◆ Work order ◆
Go through the listing below and repeat it exactly, dropping the pictures.

◆ Given data ◆

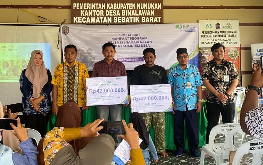 NUNUKAN — BPJS Ketenagakerjaan Kantor Cabang Nunukan menyerahkan santunan manfaat Program Jaminan Kematian (JKM) kepada ahli waris peserta kategori pekerja rentan desa di Desa Binalawan, Kecamatan Sebatik, Kabupaten Nunukan. Penyerahan dilakukan secara langsung sebagai bentuk komitmen negara dalam menghadirkan perlindungan sosial ketenagakerjaan hingga ke wilayah perbatasan.
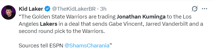 根据Shams在播客节目中的说法,湖人队愿意打包文森特、范德比尔特、1个未来次轮签去换库明加。(文森特是到期合同,范德比尔特还剩两年合同)
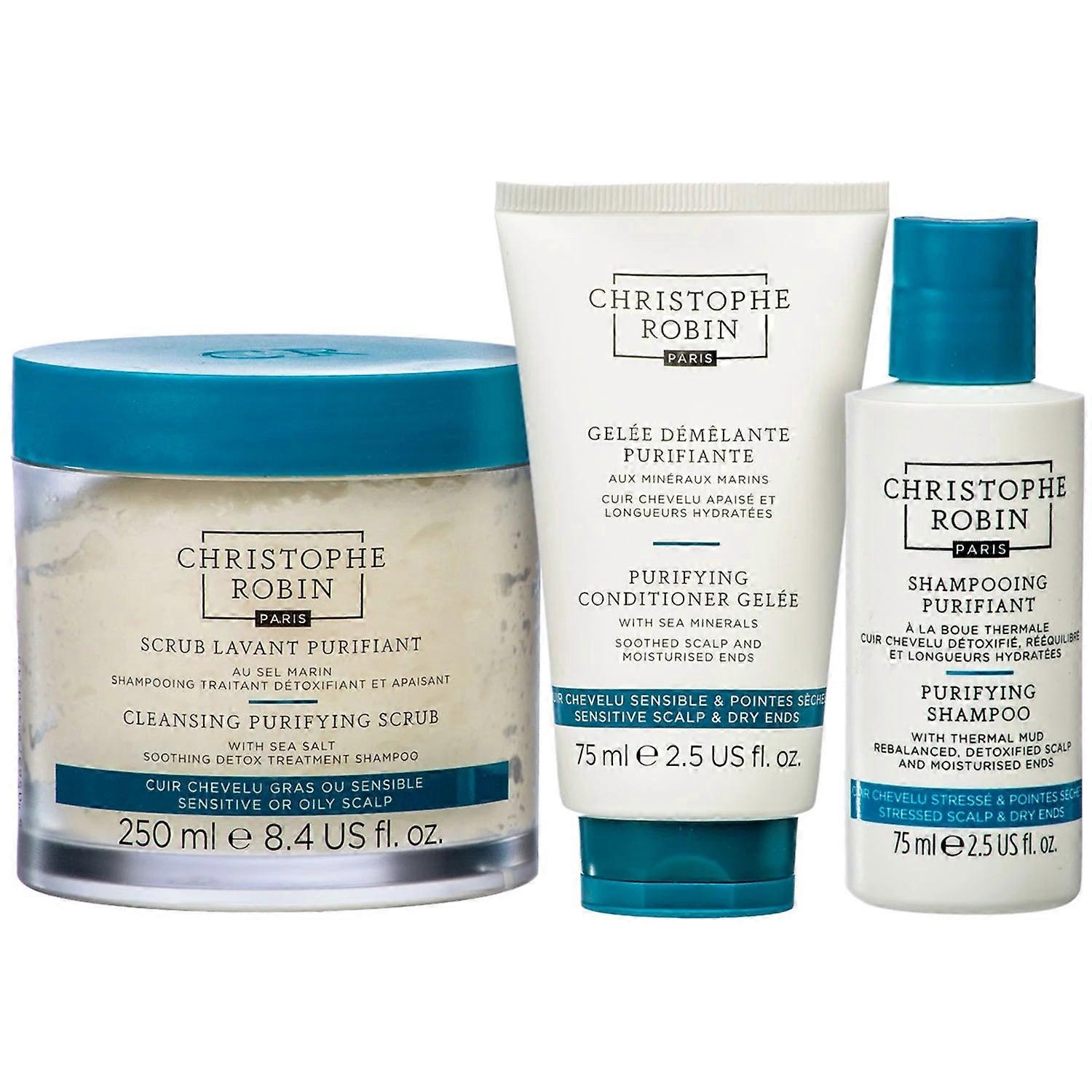 Christophe Robin's Hair Detox Gift Set is a comprehensive 3-piece kit featuring the full purifying routine. This set effectively removes product buildup and excess oils from hair and scalp. It gently cleanses to restore and strengthen every strand, leaving hair refreshed and revitalized. The set includes: Cleansing Purifying Scrub with Sea Salt Purifying Shampoo with Thermal Mud Purifying Conditioner Gelée with Sea Minerals Ingredients Cleansing Purifying Scrub: Sodium Chloride, Sodium Laureth Sulfate, Aqua/Water/Eau, Butylene Glycol, Cocamide Mea, Glyceryl Stearate, Fragrance (Parfum), Hydrated Silica, Peg-100 Stearate, Phenoxyethanol, Saccharide Isomerate, Bisabolol, Menthyl Lactate, Prunus Amygdalus Dulcis (Sweet Almond) Oil, Citric Acid, Sodium Citrate Purifying Shampoo: Aqua/Water/Eau, Cocamidopropyl Betaine, Sodium Lauroyl Sarcosinate, Coco-Glucoside, Polyacrylate Crosspolymer-6, Fragrance (Parfum), Sodium Chloride, Propanediol, Kaolin, Silt, Sodium Benzoate, Maltodextrin, Sea Water Extract, Disodium Edta, Guar Hydroxypropyltrimonium Chloride, Potassium Sorbate, Citric Acid, Ziziphus Joazeiro Bark Extract Purifying Conditioner: Aqua/Water/Eau, Propanediol, Brassicamidopropyl Dimethylamine, Behentrimonium Chloride, Polyquaternium-10, Hydroxypropyl Guar Hydroxypropyltrimonium Chloride, Phenoxyethanol, Lactic Acid, Fragrance (Parfum), Ppg-26-Buteth-26, Isopropyl Alcohol, Peg-40 Hydrogenated Castor Oil, Maris Sal/Sea Salt/Sel Marin, Ethylhexylglycerin, Disodium Edta, Sodium Acetate, Sodium Chloride, Silica Suggested Use Begin with the Cleansing Purifying Scrub: Apply to wet hair, gently massage the scalp, then rinse thoroughly. Follow with the Purifying Shampoo: Apply to wet hair, lather, and rinse well. Finish with the Purifying Conditioner: Apply from mid-lengths to ends, leave for 2-3 minutes, then rinse. Use this routine once a week or as needed for a deep cleanse and detox treatment.

◆ Exercise result ◆
 NUNUKAN — BPJS Ketenagakerjaan Kantor Cabang Nunukan menyerahkan santunan manfaat Program Jaminan Kematian (JKM) kepada ahli waris peserta kategori pekerja rentan desa di Desa Binalawan, Kecamatan Sebatik, Kabupaten Nunukan. Penyerahan dilakukan secara langsung sebagai bentuk komitmen negara dalam menghadirkan perlindungan sosial ketenagakerjaan hingga ke wilayah perbatasan.
 根据Shams在播客节目中的说法,湖人队愿意打包文森特、范德比尔特、1个未来次轮签去换库明加。(文森特是到期合同,范德比尔特还剩两年合同)
 Christophe Robin's Hair Detox Gift Set is a comprehensive 3-piece kit featuring the full purifying routine. This set effectively removes product buildup and excess oils from hair and scalp. It gently cleanses to restore and strengthen every strand, leaving hair refreshed and revitalized. The set includes: Cleansing Purifying Scrub with Sea Salt Purifying Shampoo with Thermal Mud Purifying Conditioner Gelée with Sea Minerals Ingredients Cleansing Purifying Scrub: Sodium Chloride, Sodium Laureth Sulfate, Aqua/Water/Eau, Butylene Glycol, Cocamide Mea, Glyceryl Stearate, Fragrance (Parfum), Hydrated Silica, Peg-100 Stearate, Phenoxyethanol, Saccharide Isomerate, Bisabolol, Menthyl Lactate, Prunus Amygdalus Dulcis (Sweet Almond) Oil, Citric Acid, Sodium Citrate Purifying Shampoo: Aqua/Water/Eau, Cocamidopropyl Betaine, Sodium Lauroyl Sarcosinate, Coco-Glucoside, Polyacrylate Crosspolymer-6, Fragrance (Parfum), Sodium Chloride, Propanediol, Kaolin, Silt, Sodium Benzoate, Maltodextrin, Sea Water Extract, Disodium Edta, Guar Hydroxypropyltrimonium Chloride, Potassium Sorbate, Citric Acid, Ziziphus Joazeiro Bark Extract Purifying Conditioner: Aqua/Water/Eau, Propanediol, Brassicamidopropyl Dimethylamine, Behentrimonium Chloride, Polyquaternium-10, Hydroxypropyl Guar Hydroxypropyltrimonium Chloride, Phenoxyethanol, Lactic Acid, Fragrance (Parfum), Ppg-26-Buteth-26, Isopropyl Alcohol, Peg-40 Hydrogenated Castor Oil, Maris Sal/Sea Salt/Sel Marin, Ethylhexylglycerin, Disodium Edta, Sodium Acetate, Sodium Chloride, Silica Suggested Use Begin with the Cleansing Purifying Scrub: Apply to wet hair, gently massage the scalp, then rinse thoroughly. Follow with the Purifying Shampoo: Apply to wet hair, lather, and rinse well. Finish with the Purifying Conditioner: Apply from mid-lengths to ends, leave for 2-3 minutes, then rinse. Use this routine once a week or as needed for a deep cleanse and detox treatment.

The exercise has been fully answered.